DS is 3 and goes to nursery. They serve squash a couple of times a day but I have requested that he does not have it (water instead, please). Occasionally they'll give him squash (usually if his key worker/regular girls aren't around and the other person forgets)...This I don't have a major problem with as it only happens occasionally, although I do find it mildly irritating, but what I don't want, and what I would object to in the case of the OP is squash becoming a part of his regular diet.

My issue with squash, by the way, is not the sugar - it's the Asparatame (or however you spell it).

OP - YANBU (Although it might be a little OTT to move him from your CM unless there are other issues you have concern with.)

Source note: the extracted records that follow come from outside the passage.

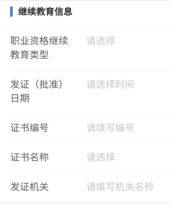 确认个人信息无误后,选择“职业资格继续教育”作为继续教育类型,并填写相关信息,包括证书名称、发证日期、证书编号和发证机关。
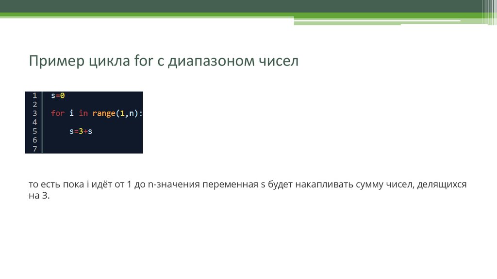 Пример цикла for с диапазоном чиселто есть пока i идёт от 1 до n-значения переменная s будет накапливать сумму чисел, делящихся
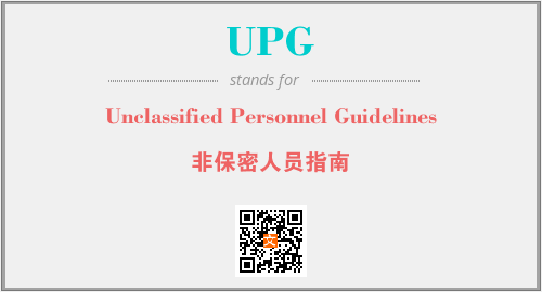 英文缩略词“UPG”经常作为“Unclassified Personnel Guidelines”的英文缩写来使用,中文表示:“非保密人员指南”。本文将详细介绍英文缩写词UPG所代表英文单词,其对应的中文拼音、详细解释以及在英语中的流行度。此外,还有关于缩略词UPG的分类、应用领域及相关应用示例等。
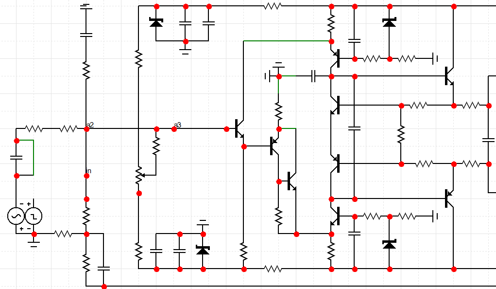 Влезу поумничать. Собирая такие симметричные схемы на транзисторах разной проводимости, обнаружил , что напряжения на переходах Б-Э у них сильно разные, поэтому ноль на выходе не получался никогда, без могучей оос по постоянке. Попытка выравнять ноль подгонкой резисторов в ИТ приводила к идиотским номиналам и балансировании на единицах ом и уходе нуля от настроения транзистора.
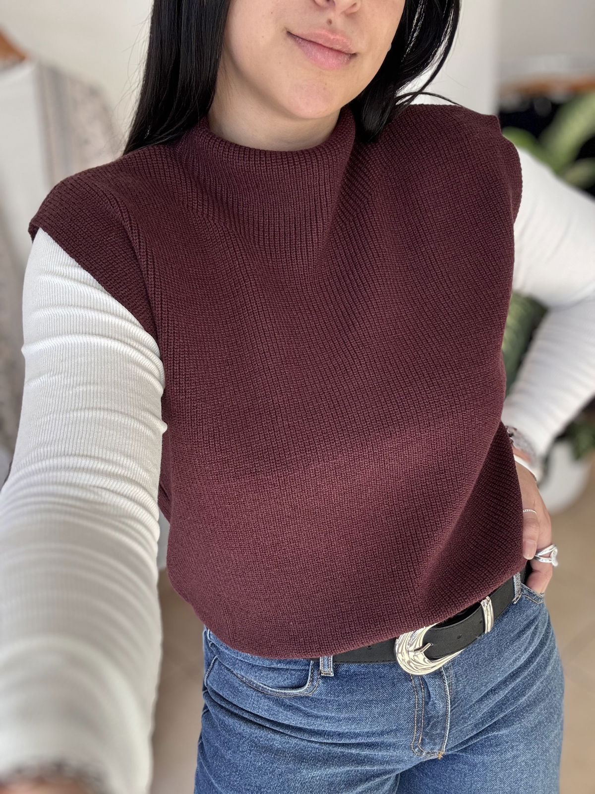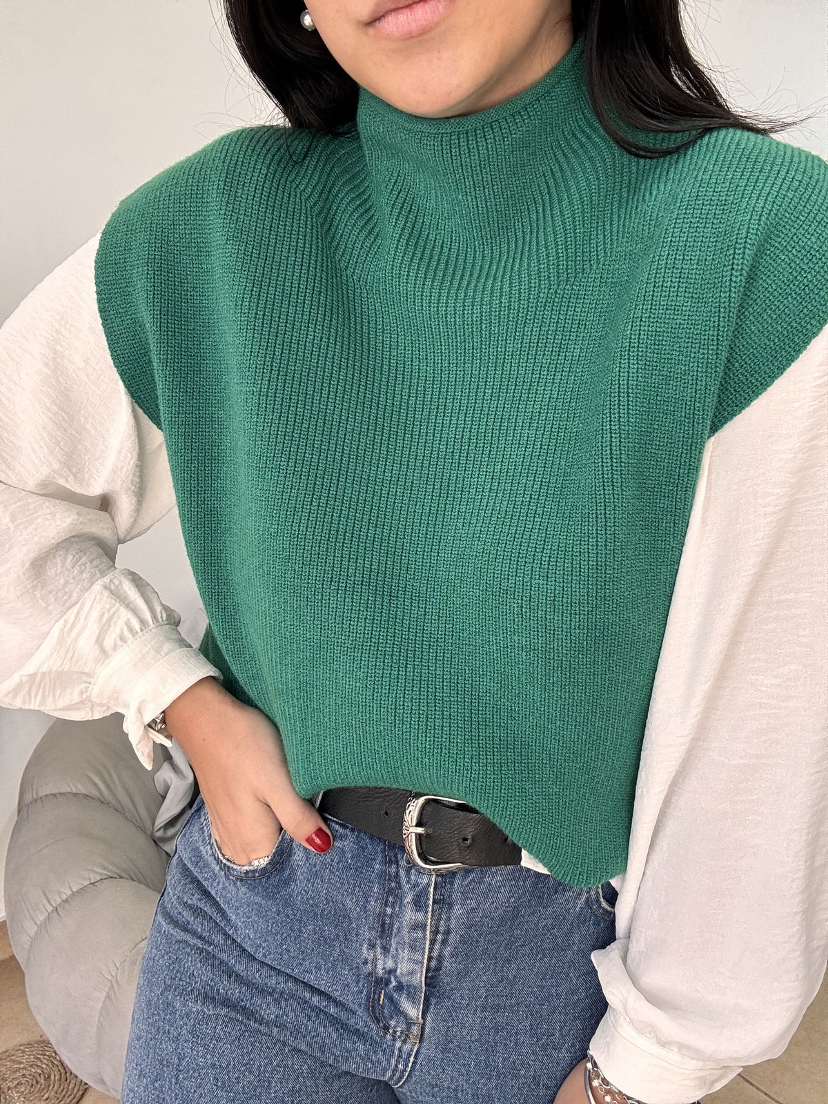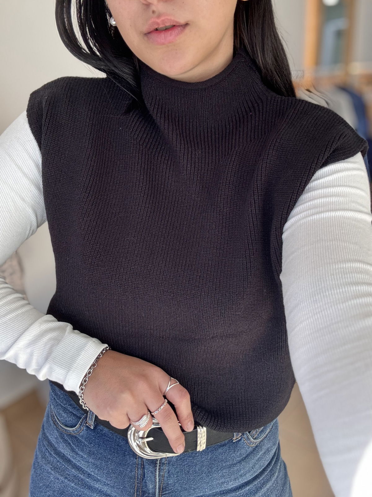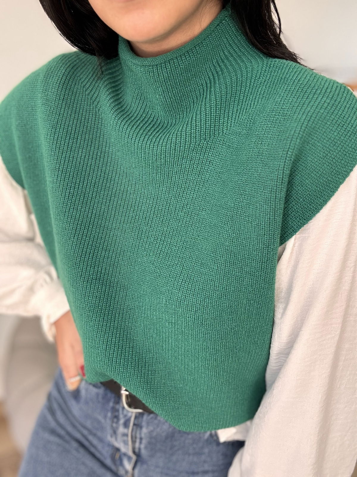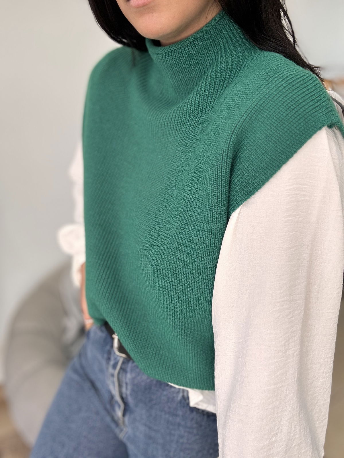 Chaleco de lana super liviano con cuellito media polera. Un básico para que puedas usar con remeras manga larga y también solo cuando arrancan esos días de calorcito

Elffriend · 13/05/2010 10:50

YANBU. You are paying the childminder and have a contract in place (whether written or not). Part of that contract for me would be about respecting the wishes of the parent. I have no strong feelings at all about what other children do or do not drink but if I had made it clear to the CM that I did not want DS to have squash then I would be pissed off at someone arrogant enough to override me without talking to me first (who is being paid to look after DS). One thing to say to me, oh, he is not drinking much, how would it be if I tried him with some very dilute squash but wuite another to think, "oh sod the parent/my employer, I'll do what I like".

If all else great I would not move DS but I would put my foot down and then, if no change would consider this to be a concern and move him.

And the PFB thing in this context does irritate me - it's becoming the equivalent of "PC gorn maaaad" to say that you should not try to do what you believe is best for your baby (not a teenager, a baby).

Anyway, I'm supposed to be swotting for a job interview not nosing at mumsnet so I'm off!

cupcakesandbunting · 13/05/2010 10:51

Of course OP has every right to stipulate whatever rules she chooses to her CM wrt he own child, whether that be that he drinks water exclusively or pint glasses of full-fat coke but I just think that completely sacking a CM for this is a wee bit precious. Just tell her "absolutely nothing to drink for DS but water, thankyou" and move on.